The case was tried to the court and a jury and at the close of all the evidence both sides moved for a directed verdict. Both motions were denied and the case was sent to the jury on instructions to which neither side interposed any objections. Plaintiff, however, requested certain instructions which were denied. The jury returned a verdict in favor of the defendants and against the plaintiff on all the issues and on the verdict so returned the court in due course entered judgment dismissing the action on its merits. Plaintiff then moved for judgment notwithstanding the verdict, which motion was denied, and this appeal followed.
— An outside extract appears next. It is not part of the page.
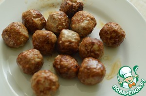 3. Пока кизил варится из фарша сформировать небольшие шарики. В сковороде разогреть масло и обжарить тефтели до золотистого цвета.

Defendants have filed no brief but filed typewritten statement challenging the sufficiency of the record to present any question for our decision. Plaintiff has failed to include in the record a single syllable of the evidence produced at the trial. Our rules in effect require that appellant shall file a separate printed record containing a clear, concise and condensed statement of so much of the entire record as may be essential to show jurisdiction and to enable the court to decide the questions presented for review. Rule 10(a), 28 U.S.C.A. Error cannot be presumed but it is encumbent upon an appellant to show not only that technical error was committed by the trial court, but that the error so committed was prejudicial.
The record contains the instructions as given and which were not objected to by either of the parties. We have considered these instructions and think they fairly and fully cover the issues as shown by the pleadings. In the absence of any evidence the instructions requested by plaintiff are in the nature of declarations of abstract questions of law. An instruction must be based on the issues as defined by the pleadings and upon the evidence. The governing rule is succinctly stated in 88 C.J.S. Trial § 379, p. 966, as follows:
"Whether an instruction stating a principle of abstract law violates the rule that a court should not instruct in the abstract is determined by reference to the evidence as well as to the instructions as a whole."
In the absence of all evidence it cannot be determined that the refusal to give plaintiffs' requests was error. Garey v. Anco Mfg. & Supply Co., 8 Cir., 221 F.2d 683; McCarthy v. Pennsylvania R. Co., 7 Cir., 156 F.2d 877. It is the duty of the court, in submitting a case to the jury, to confine its instructions to the issues raised by pleadings and proof. Fleming v. Husted, 8 Cir., 164 F.2d 65.
In the absence of all evidence we cannot determine whether the requests were confined to the issues raised by the pleadings and proof. We conclude that the record is wholly inadequate to present any questions to this court for its decision. The judgment appealed from is therefore affirmed.